» Data excerpts
============

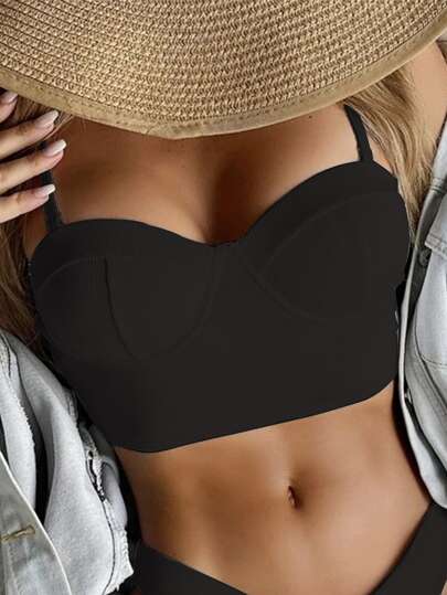 素色提臀比基尼泳裝上衣 - 黑色 - 查看 1
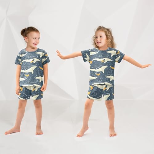 ALAZA Whale Starry Star Pajamas Set Short Sleeve Cotton Sleepwear Summer Pjs 2 Piece 5-14Y 2
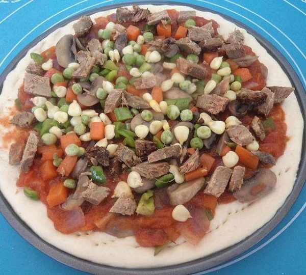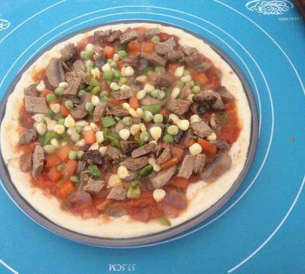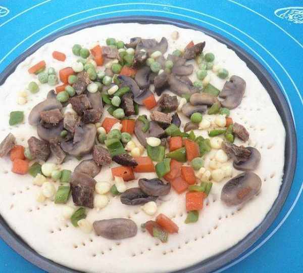 第16步、撒上牛肉、胡蘿、口蘑、青椒、豌豆、玉米粒。
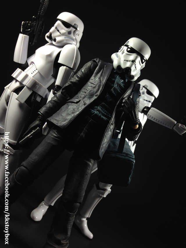 1. 造型細節依舊無可挑剔。襯衫、外套、長褲、甚至運動鞋上的皺褶、線條等非常仔細刻畫,完全不馬虎。硬要說塗裝上的缺點,只有膝蓋關節沒有刻上長褲的紋路。
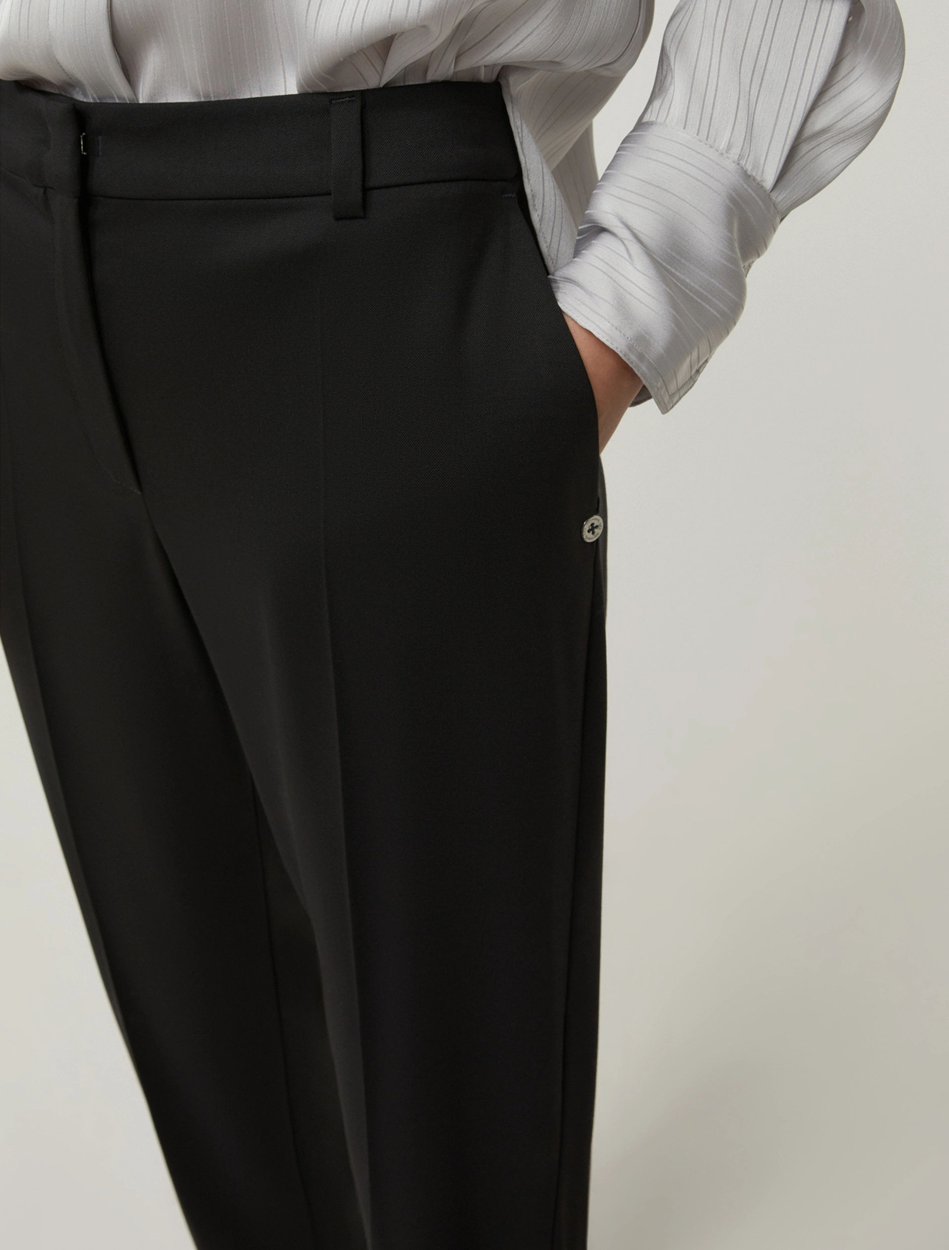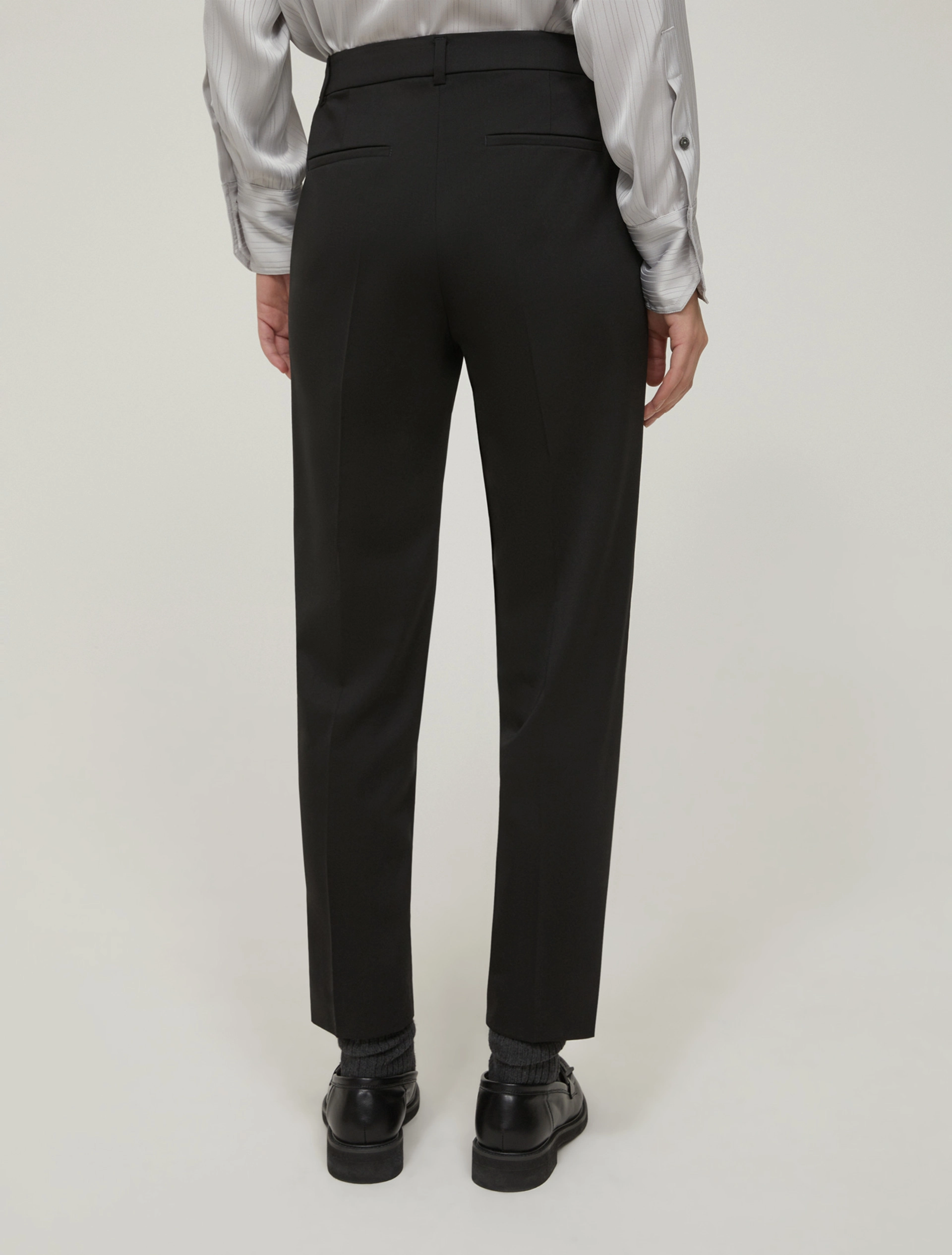 Ці брюки з вовняної саржі стануть незамінним елементом вашого зимового гардеробу: ваш образ буде ідеальним, незалежно від того, з чим ви їх поєднаєте. Модель має середню посадку з петлями для ременя, прессовані складки, косі передні кишені та задні кишені з виточками. Модель довжиною до щиколотки.

============

» Directions
Repeat only the lines from the one holding "第16步、撒上牛肉、胡蘿、口蘑、青椒、豌豆、玉米粒。" through the last line of the data, inclusive. Keep the pictures out.

» Answer
 第16步、撒上牛肉、胡蘿、口蘑、青椒、豌豆、玉米粒。
 1. 造型細節依舊無可挑剔。襯衫、外套、長褲、甚至運動鞋上的皺褶、線條等非常仔細刻畫,完全不馬虎。硬要說塗裝上的缺點,只有膝蓋關節沒有刻上長褲的紋路。
 Ці брюки з вовняної саржі стануть незамінним елементом вашого зимового гардеробу: ваш образ буде ідеальним, незалежно від того, з чим ви їх поєднаєте. Модель має середню посадку з петлями для ременя, прессовані складки, косі передні кишені та задні кишені з виточками. Модель довжиною до щиколотки.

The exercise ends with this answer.